— Знаешь, почему ты не должна ходить? Чтобы я был нужен тебе одним своим присутствием, благодаря которому ты сможешь и поесть, и попить, и сходить в туалет. Я не могу тебе позволить существовать без меня. Я же сдохну, любимая. Просто сдохну, как жалкое насекомое, что раздавили и не заметили, — я готов был долго рассказывать ей, насколько сильно её потребность во мне убивает во мне монстра, но мелодия мобильного в кармане отвлекла меня от важного. — Сам Господь не хочет видеть твою боль, любимая.
Ещё одно подтверждение тому, что в моих руках ангел. И пусть он не даст мне сорвать с него крылья.
Выхожу за дверь. Тяжело дыша, поднимаю трубку. Неужели.
— Да, — судорожно отвечаю я.
— Что, можешь меня поздравить, точнее я тебя поздравляю. Всё у меня на руках, получилось даже чуть раньше, чем планировалось. Так что жди с пилюлей после обеда и готовь бабки, как и обещал.
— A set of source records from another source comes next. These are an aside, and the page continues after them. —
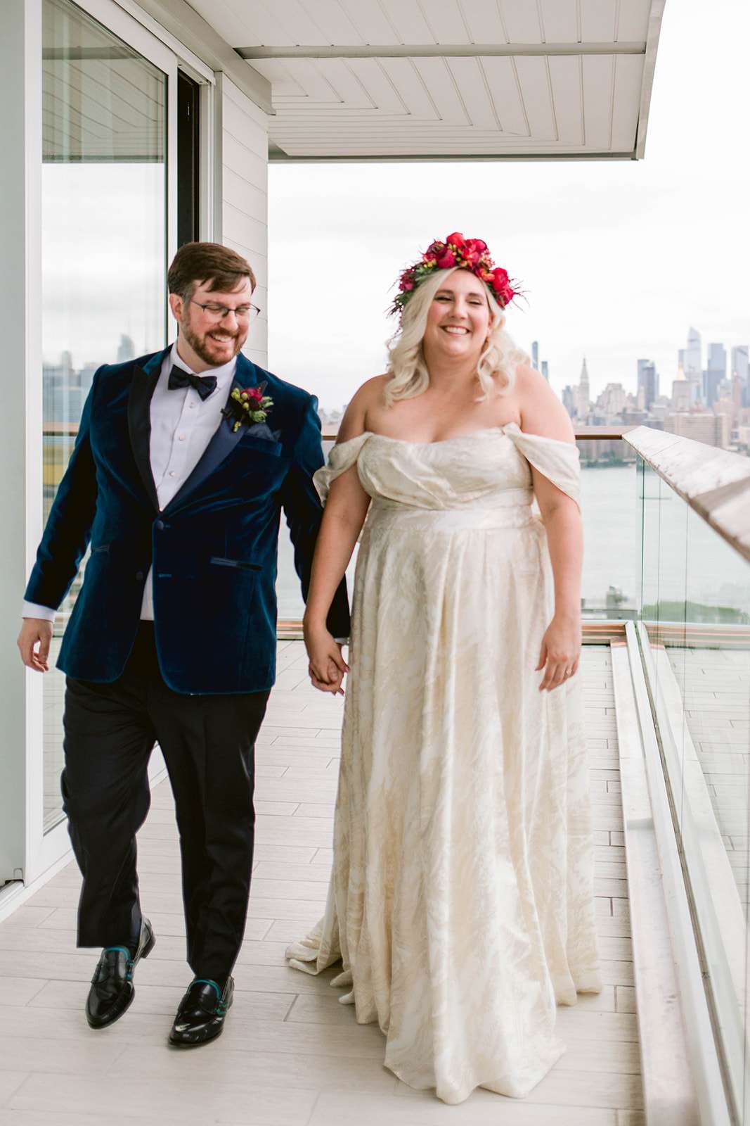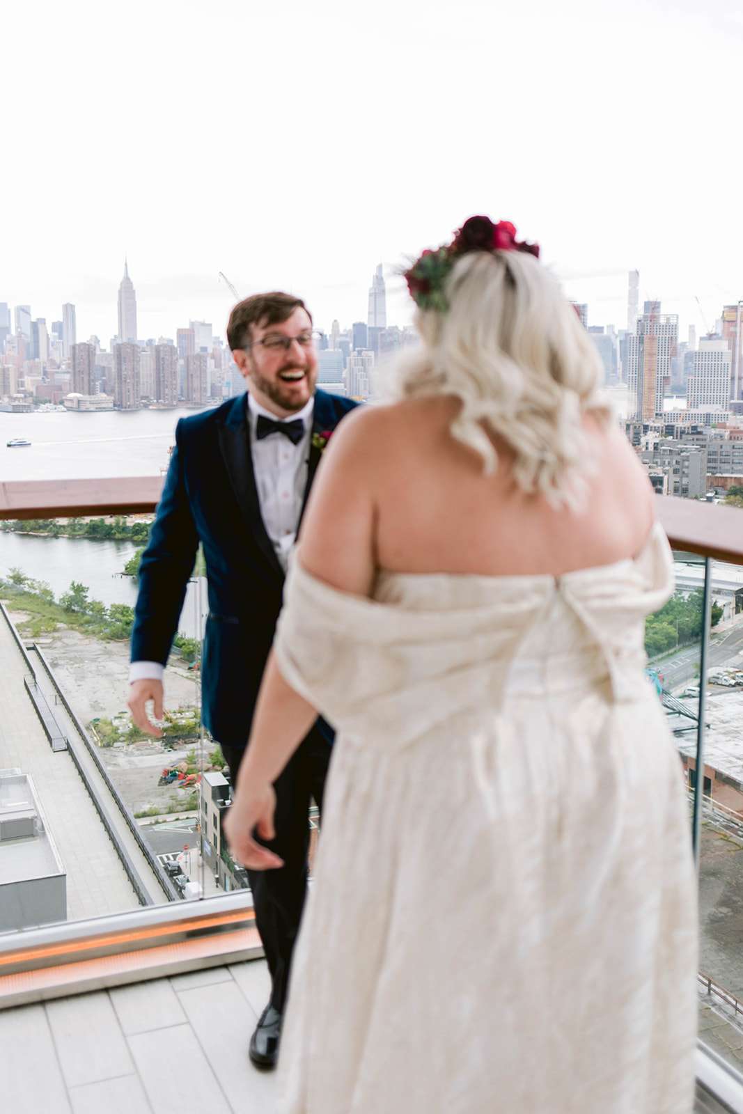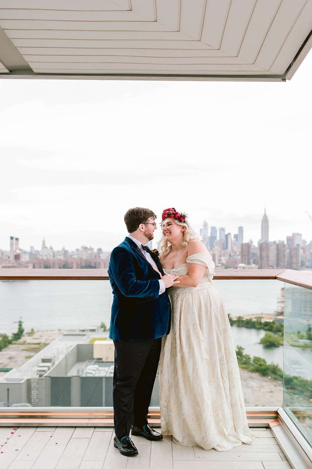 The couple both put a lot of thought and effort into their outfits – with Jamie choosing both a ceremony and a reception dress, and Jeremy commissioning a custom teal velvet tuxedo from a small Brooklyn-based retailer that specialises in inclusive, bespoke suiting. Jamie’s jewellery was a mix of heirloom pieces from both sides of the family and a gift from Jeremy. Her grandmother, unable to make the journey to New York for the wedding, was able to be present for her ceremony dress fitting in Kansas which was super important to the bride, and she also chose a custom-made reception dress from sustainable, inclusive fashion designer Loulette Bridal.
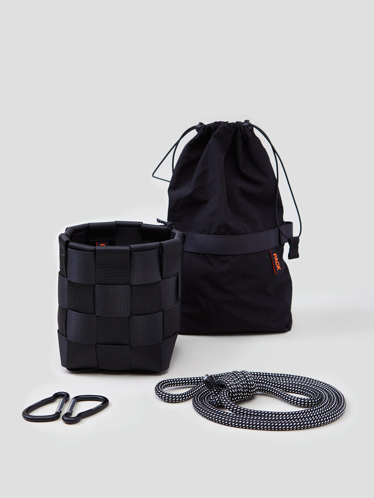 A220//WIDE.WEB.SMALL.SQUARE BASKET SLING - lead black / rope strap
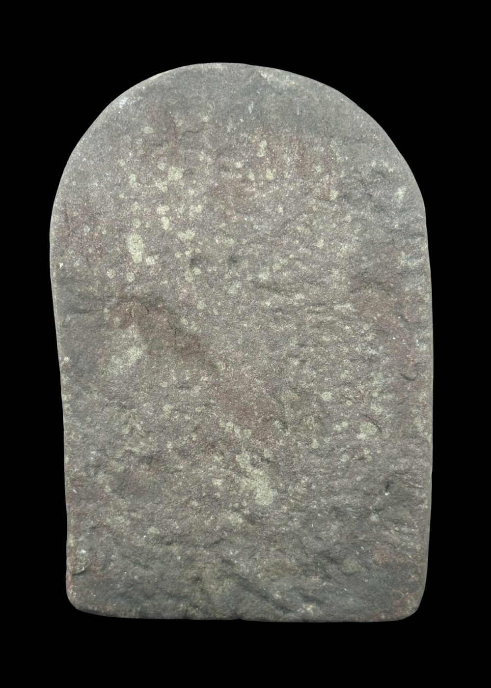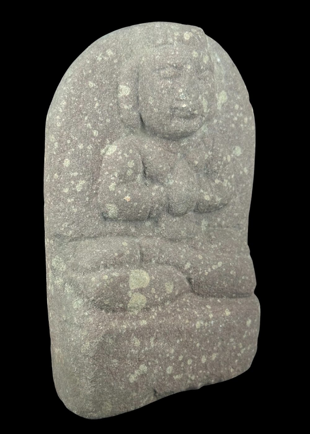 This Seated Figure in Meditation, Stone Sculpture Carved from a single block of speckled stone, this sculpture depicts a figure seated in a meditative posture, hands gently positioned in front—possibly in a gesture of prayer or dhyana (contemplation). The form is compact and symmetrical, with minimal ornamentation, emphasizing spiritual focus over decorative detail. The weathered surface and subdued palette of grays and whites suggest age and prolonged exposure, enhancing its aura of quiet reverence. Likely rooted in a religious or philosophical tradition, the sculpture embodies themes of inner stillness and devotion.

Вот и всё, моя сладкая, потерпи пару часов, и у тебя больше не будет никакого выбора, ни единой возможности. Только мои объятия. Только мои руки, ласкающие тебя ночами и днями. Только я, несущий тебя на руках везде, где только можно.
— Обязательно, Хэнк. Ты же меня знаешь.
Глава 34. Ты ведь не дашь ему ничего сделать со мной?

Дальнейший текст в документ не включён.